[About this task]
Print the whole listing below exactly as given, pictures excluded.

[Supplied data]

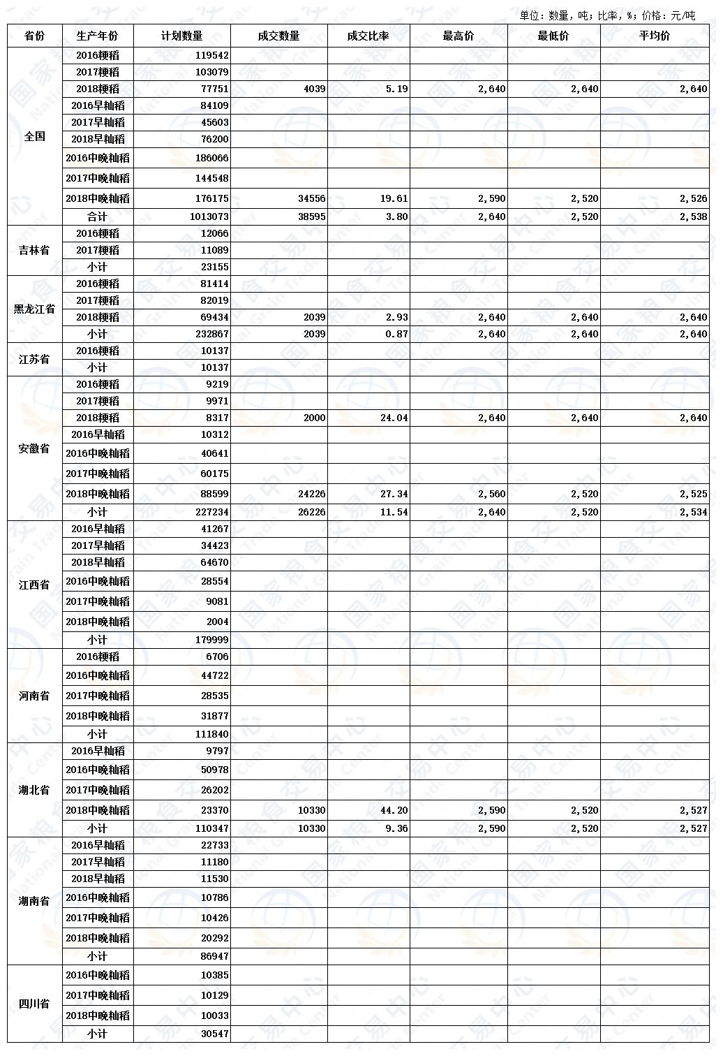 7月12日最低收购价稻谷(2016-2018年)交易结果
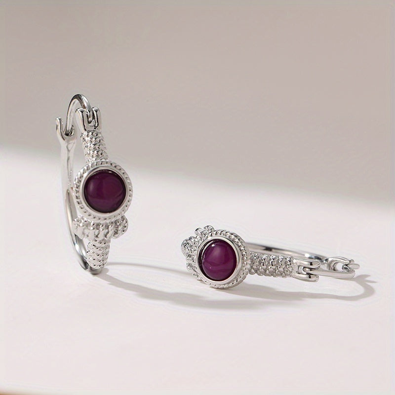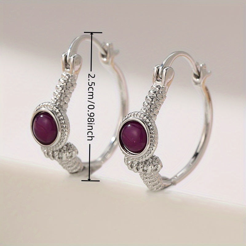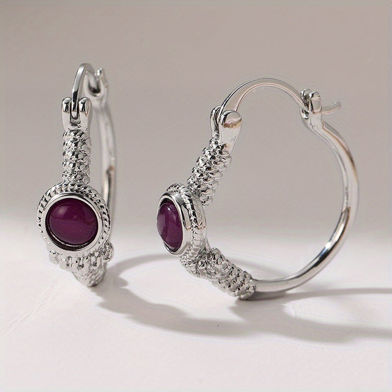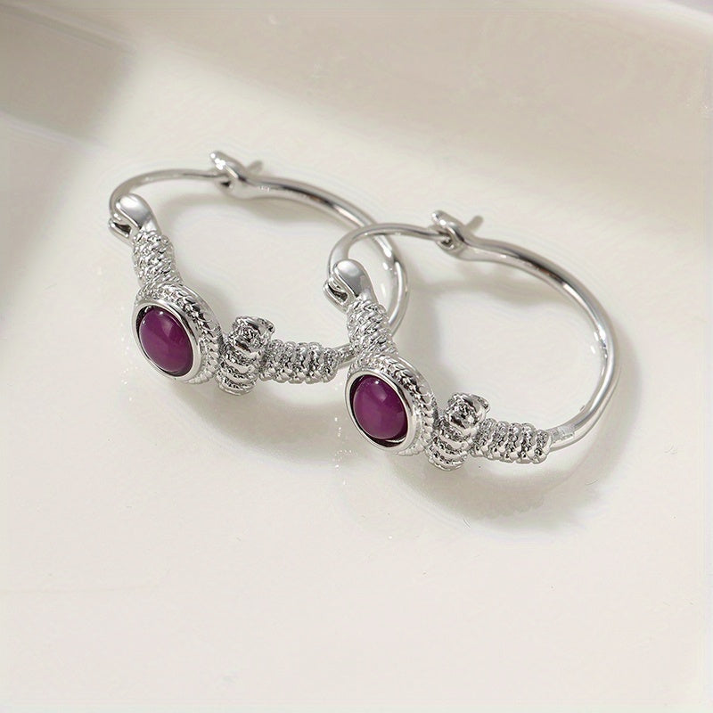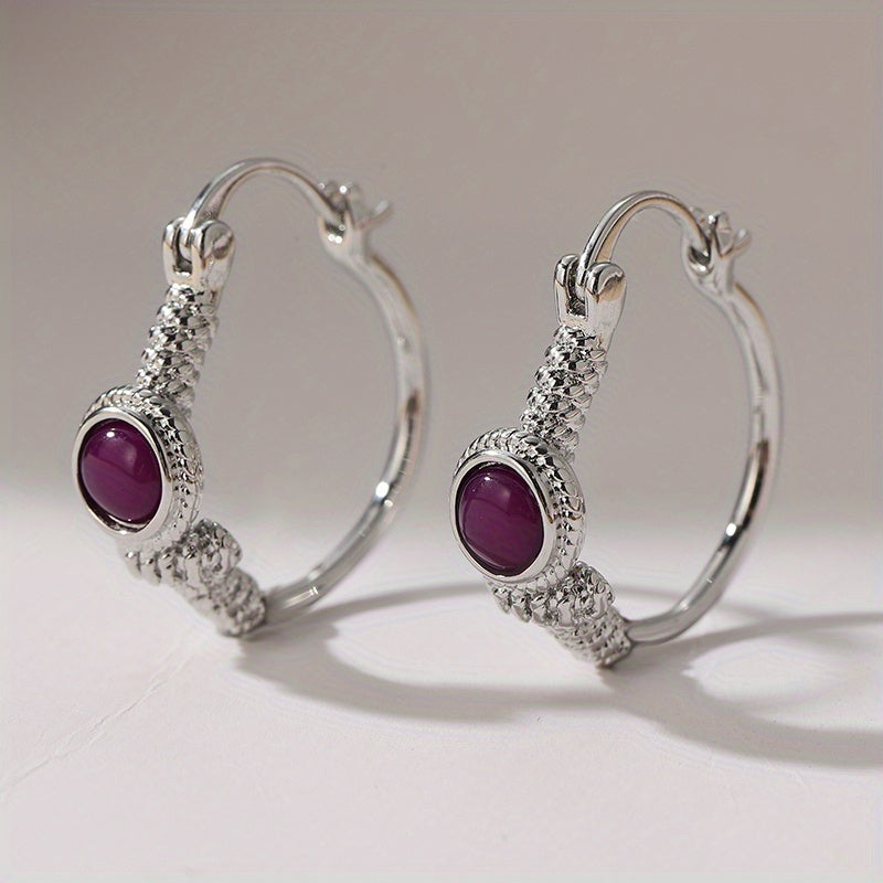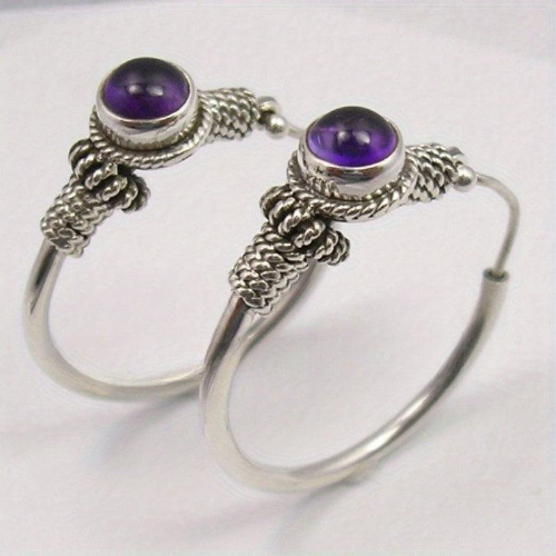 Add a touch of vintage charm to your casual attire with these hypoallergenic copper hoop earrings featuring purple gemstones. The retro design adds a quirky and unique flair to your look.
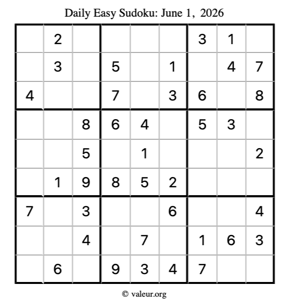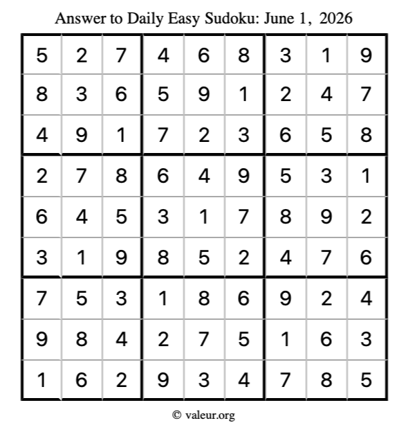 Here is the June 1, 2026 easy sudoku puzzle. You are welcome to print a copy to solve by hand. For your convenience, we have also included the solution further down the page so you can check your work.

[Written reply]
 7月12日最低收购价稻谷(2016-2018年)交易结果
 Add a touch of vintage charm to your casual attire with these hypoallergenic copper hoop earrings featuring purple gemstones. The retro design adds a quirky and unique flair to your look.
 Here is the June 1, 2026 easy sudoku puzzle. You are welcome to print a copy to solve by hand. For your convenience, we have also included the solution further down the page so you can check your work.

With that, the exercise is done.